Target Low-Hanging Fruit in Preventing, Overturning Denials
Prevent breakdown in data exchange
By Melinda Young
EXECUTIVE SUMMARY
The keys to preventing and overturning payer denials are to collect data to identify problem areas and to train staff in best practices.
- Missing or hidden lab data could result in a claim denial.
- The case management team should understand the information each payer wants and how best to share those data.
- Spoon-feeding information to payers’ utilization review nurse is one good method.
Through training and following best practices, case managers and utilization reviewers can prevent and overturn payer denials.
Often, a denial results from omitted information. “It could be the low-hanging fruit of ‘We didn’t get the data we were needing, so we denied it,’” says Hemant Gupta, MD, MSc, lead national physician educator with Sound Physicians in Tacoma, WA.
The easy fix is to send them the missing information. The long-term, preventive answer is to find out why the information was incomplete. “Try to understand that there are many, many hands that cross this pathway,” Gupta says. “If it’s not a reliable pathway of crossing, the data doesn’t get there.”
Breakdowns in data exchange between health systems and payers occur when vital parts of the medical record, which were extracted in PDF, faxed, or emailed content, lack essential data.

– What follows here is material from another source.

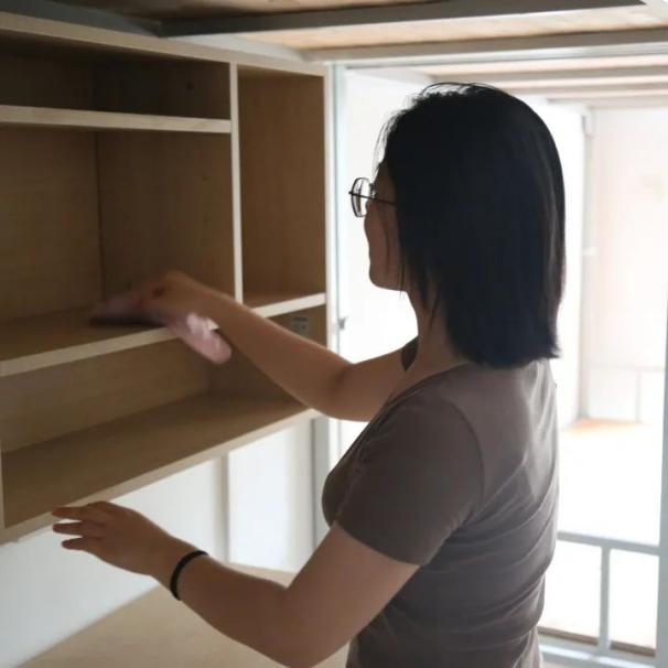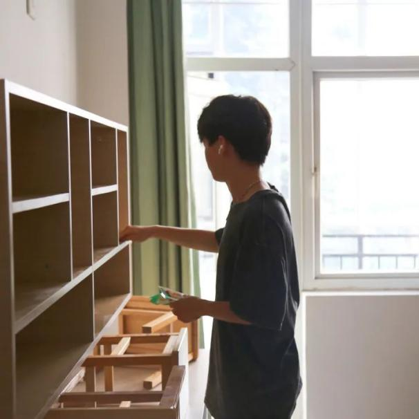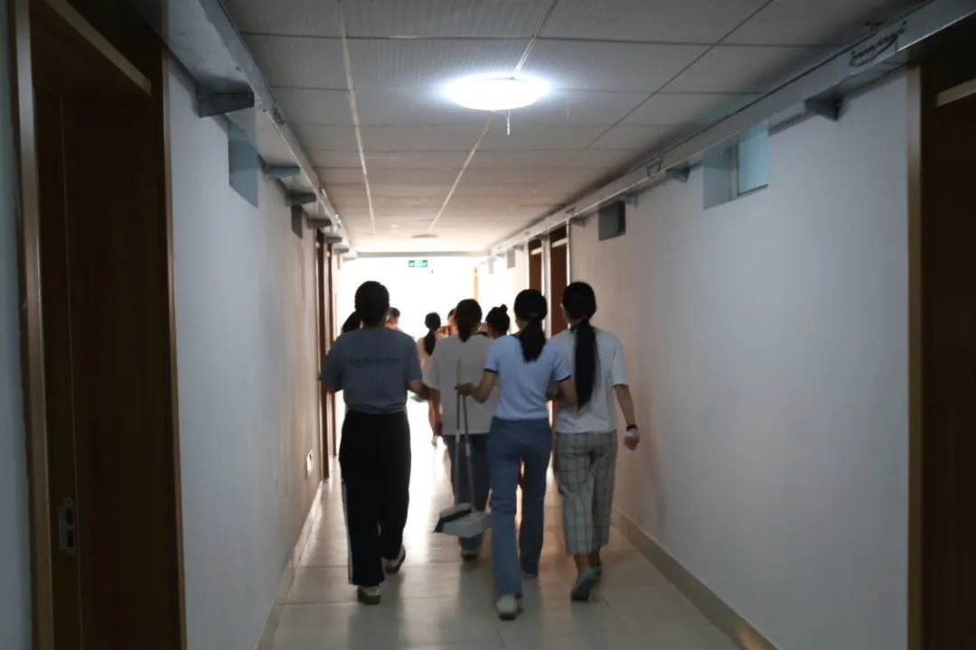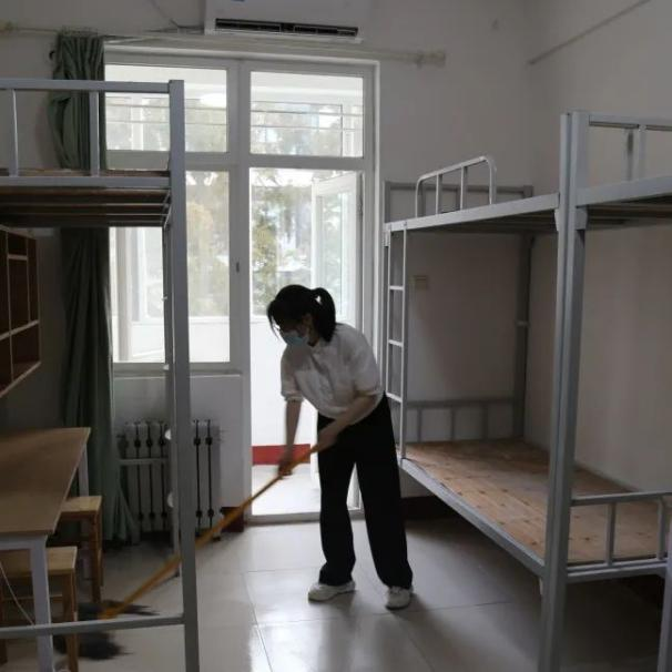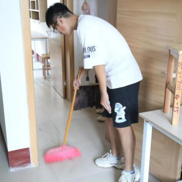 进入宿舍后,同学们首先打开窗户,帮助宿舍通风换气,去除异味。在整个清扫过程中,大家没有丝毫懈怠,力求做好迎新第一步,同学们自备笤帚、簸箕、拖把等工具,有序开展清扫活动。他们认真擦拭书桌椅、去除污渍、清洁地板,用抹布仔细清理书柜、床沿等处的卫生死角,打扫工作有条不紊地进行。通过大家的共同努力,寝室环境得到了极大的改善,新生宿舍面貌焕然一新。

“Say I had to diagnose a heart attack, but the labs weren’t there,” Gupta says. In that situation, the payer did not receive the appropriate lab work that documented proof of the heart attack diagnosis.
“Lab information didn’t get to the utilization review nurse or doctor, so they didn’t approve it,” he adds. “This is not about just sharing information or giving electronic medical record access. There are different health systems and different levels of workflow for health information management and case management people.”
The long-term solution is to collect information on how often denials occur due to particular issues, such as missing data. For instance, it could be that six times in the past month, data did not reach the right decision-maker, leading to a denial, Gupta explains. “Chalk that up to a complicated pathway and simplify that pathway.”
Case managers and those in charge of UR should understand what information each player wants and how best to share data. Preventing denials takes less time and fewer resources than trying to overturn a denial. It is important to know a particular payer needs specific information highlighted in the data submission, or the overworked person receiving the information may miss something important to preventing a denial.
“As you discover documentation holes in the electronic medical record, you should be bringing this issue to the people doing the documenting,” Gupta says. “You have to have an expert who knows how to read the record, has clinical knowledge, and who knows what data and criteria they rely on. It can’t be just any person.”
Ideally, the team should work well enough to meet all time-based deadlines and handle appeals. “Unless you have a dedicated team of people who know what they’re doing, that gets to be a very sizable task for a case manager,” Gupta says. “They have several daily activities they do in discharge planning, and it gets to be a very burdensome process, unless you have a dedicated team that is capable of handling it at an expert level.”
For example, a patient with COPD can be hospitalized under appropriate medical necessity guidelines. A common question is why a COPD patient needs additional medical care on day two or three of the hospital stay. Are these additional hospital days medically necessary? How can the hospital prove it? Where is the documentation?
“For COPD patients, certain lab results are very important to get printed out and documented in the record, and they have to be reported in a certain way,” Gupta says.
If the essential lab results are buried in 50 pages of lab results, it is like finding a needle in a haystack. “This specific lab [result], if present, can easily be found and could overturn a denial,” Gupta says.
The payer’s staff review dozens of cases each day and are sifting through volumes of information. It helps if health providers highlight the essential data, making it easier to find. “This can be a very tiring day for a case manager, on the insurance side, and also on the hospital side. You need relevant, critical information to make the right decision,” he explains.
It is up to case management/UR leaders to teach staff the relevant and critical pieces of information and how to send this information in a timely manner. If it is done correctly, they will win the case, even if it is denied.
“Many times, you will not get a denial because they found the data they were looking for, such as the amount of CO2 dissolved in blood of COPD patients and that was elevated beyond a specific amount,” Gupta says. “These data are important in a discussion of how sick the patient is and how the patient should be in the hospital instead of being discharged.”
When this critical information is missing or buried in documentation, the risk of denial increases. Spoon-feeding information to the payer’s UR nurse is a great way to reduce barriers and denials.
“Every time you do that and let the light happen at the end of the tunnel, it gets clearer and clearer,” Gupta explains. “You learn case by case.”
The keys to preventing and overturning payer denials are to collect data to identify problem areas and to train staff in best practices. The case management team should understand the information each payer wants and how best to share those data.